Warum in Pisa nicht der Schiefe Turm die größte Attraktion ist

Wenn Caroline Kaltenreiner auf dem Platz der Wunder in Pisa steht, kommt sie ins Staunen, der Schiefe Turm ist aber nicht der Grund.
Caroline Kaltenreiner

Caroline Kaltenreiner

Pisa ist zum Schießen. Auch zum Fotoschießen. Die meisten zielen ganz klassisch auf den Turm in Schräglage.

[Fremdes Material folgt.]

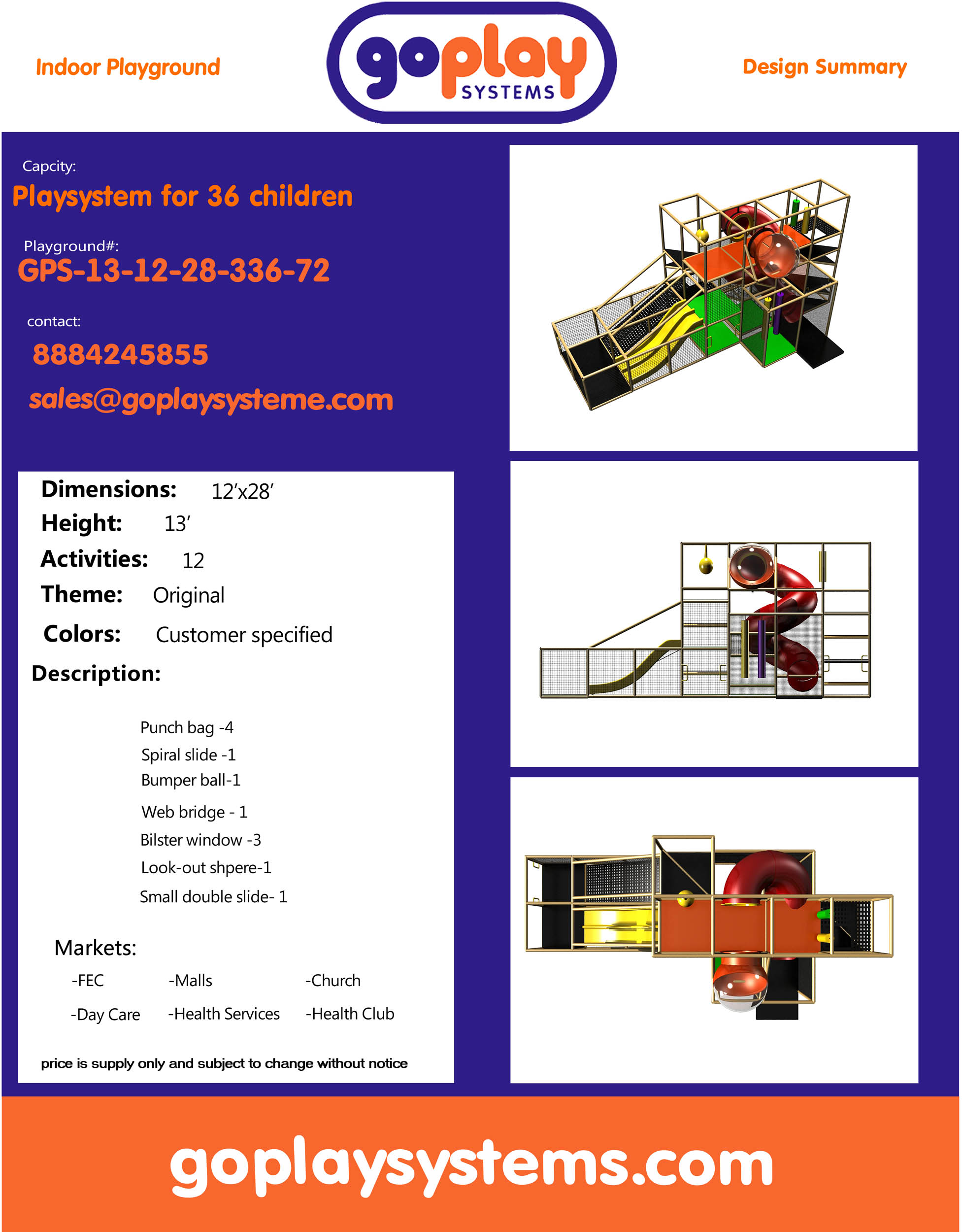 O parque infantil coberto GPS72 é um parque infantil modular com piso macio, projetado sob medida, para crianças de três a doze anos. O sistema de brincadeiras interno mede 3,6 m de largura por 4,9 m de altura e 8,5 m de comprimento. O espaço mínimo necessário para este parque infantil interno é de aproximadamente 5,5 m de largura, com pé-direito de 4,5 m e 10,3 m de comprimento. Parque infantil interno de tamanho médio.
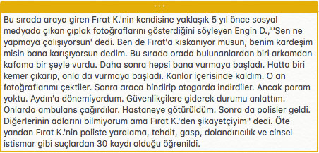 Aydın’da oturan yüzde 50 engelli Engin E. hediyelik eşya satmak için İzmit’e giti. Aydın’dan tanıştığı, Fırat Delikanlı lakaplı Fırat Kaya, Engin E.’nin sattığı hediyelik eşyaların parasını vermediği gibi onu 4 arkadaşı ile birlikte dağ evine görürüp darp etti. Engin E.’nin darp ettiği görüntüleri sosyal medyada paylaşında Twitter’da tepkiler geldi. Gelen tepkiler üzerine polis harekete geçti.

Das ist aber schon fast langweilig, denn die anderen fotografieren ihre Liebsten dabei, wie sie im Spiel mit Perspektive und dem entsprechenden Abstand den 56 Meter hohen Glockenturm aus weißem Marmor geraderücken, stützen, stürzen oder umarmen. Das originelle Urlaubsfoto eben. Ist man als unbeteiligter Betrachter dieser Szene aber nicht auf Ideallinie, schaut das alles nur zum Schreien aus.

Köstlich, wie die Touristen reihenweise in verrenkten Posen auf der Piazza dei Miracoli, also Platz der Wunder, stehen und sich „einweisen“ lassen. Ich wunder mich auch. Und wenn ich mir das so anschaue, muss ich sagen: Danke, auf dieses Foto verzichte ich.

Apropos Verzicht: Viele Touristen kommen ja mit dem Reisebus nach Pisa und pilgern dann vom Parkplatz gen historischen Stadtkern zum autofreien Platz der Wunder und wieder retour. Verzichten darauf, weiter zu gehen. Sie glauben mit dem Schiefen Turm und im besten Fall noch dem Baptisterium, die größte Taufkirche der Welt, und dem kreuzförmigen Dom Santa Maria Assunta alles gesehen zu haben. Ein großer Fehler für sie. Aber ein Glück für mich. In der anschließenden Fußgängerzone der Via Santa Maria ist schon deutlich weniger los als am unpackbar überfüllten Domplatz. Kleine Läden, Cafés und Eissalons mit himmlisch cremigem Gelato. Und spaziert man dann noch weiter, durch die verwinkelten kleinen Gassen um die Hochschulen, trifft man überhaupt nur wenige Touristen. Lohnt sich.

Auf dem Rückweg fotografier’ ich all die Touristen in verrenkten Posen, das ist dann meine liebste Urlaubserinnerung.